Despite Outcome of State Supreme Court Race, Democrats Definitely Have the Momentum in Wisconsin

The race for Wisconsin's Supreme Court has finally ended and, after a recount, incumbent Justice David Prosser won over challenger JoAnne Kloppenburg, an assistant district attorney. In an editorial praising Kloppenburg for conceding, the Milwaukee Journal Sentinel -- which did not support the recount -- had this to say:

In a normal year, Prosser, a judicial conservative, might not have faced much of a challenge for re-election. But Gov. Scott Walker's efforts to curtail collective bargaining for most public employees bled over into the judicial campaign. While the race was nominally nonpartisan, conservatives tended to support Prosser; liberals tended to support Kloppenburg. A vote against Prosser became, unfairly in our view, a vote by proxy against Walker.

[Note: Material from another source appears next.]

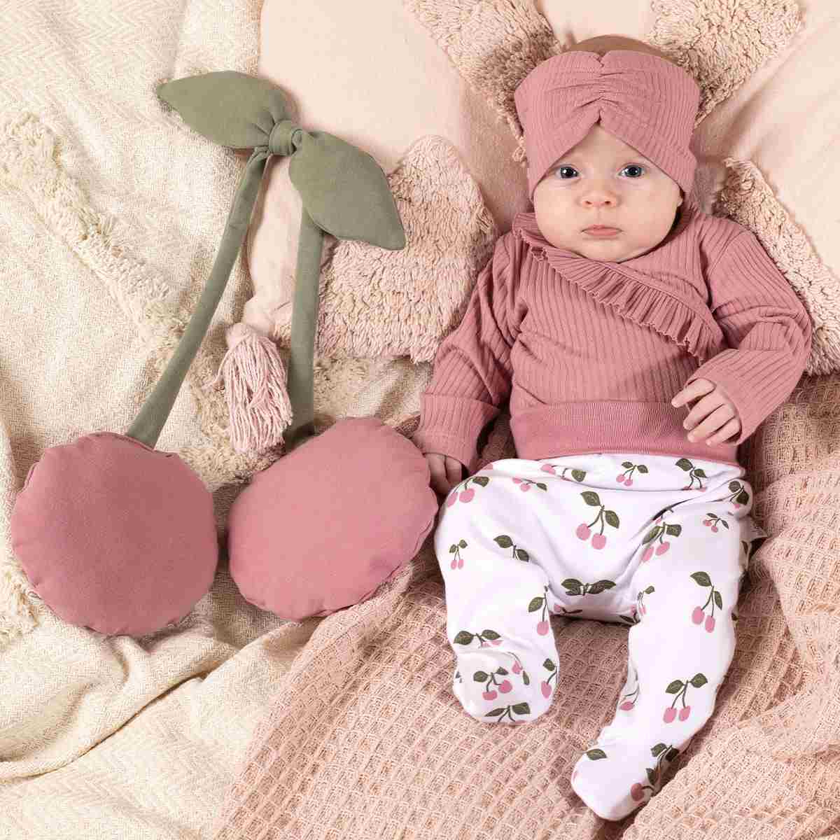 Imaginative cotton half-socks Nicol Emily for babies. The half-socks are decorated with a cute cherry print. They have a wide elastic waistband that does not press on the baby's tummy. Thanks to the soft, cuddly and high-quality material, the baby will feel very pleasant and comfortable. 100% cotton. Oeko-Tex Standard 100.
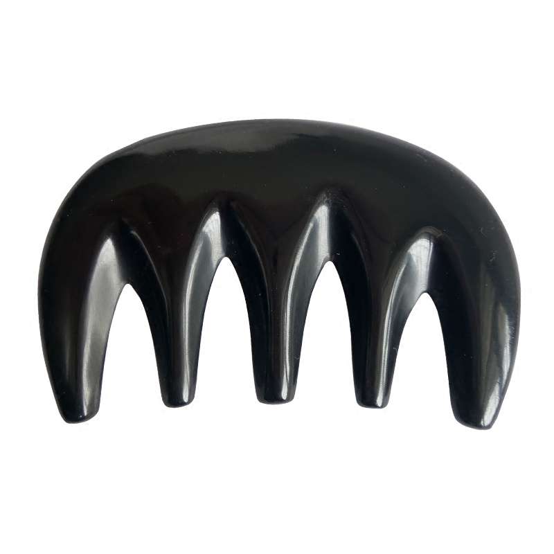 Famous horn craftsman Black water horn head five-tooth meridian massage scraping comb handmade for self-use gift good

If this is the case, then Gov. Scott Walker lost. Kloppenburg's supporters were outspent by 38% and in a four-way primary, the incumbent took 55% of the vote to Kloppenburg's 25% second place. It was one helluva gap and JoAnne Kloppenburg closed it to less than one half of one percent. If this was a pro- and anti-Walker election, it's not hard to see which side has the momentum. Had the primary results been even fractionally tighter, Kloppenburg would've won in a walk.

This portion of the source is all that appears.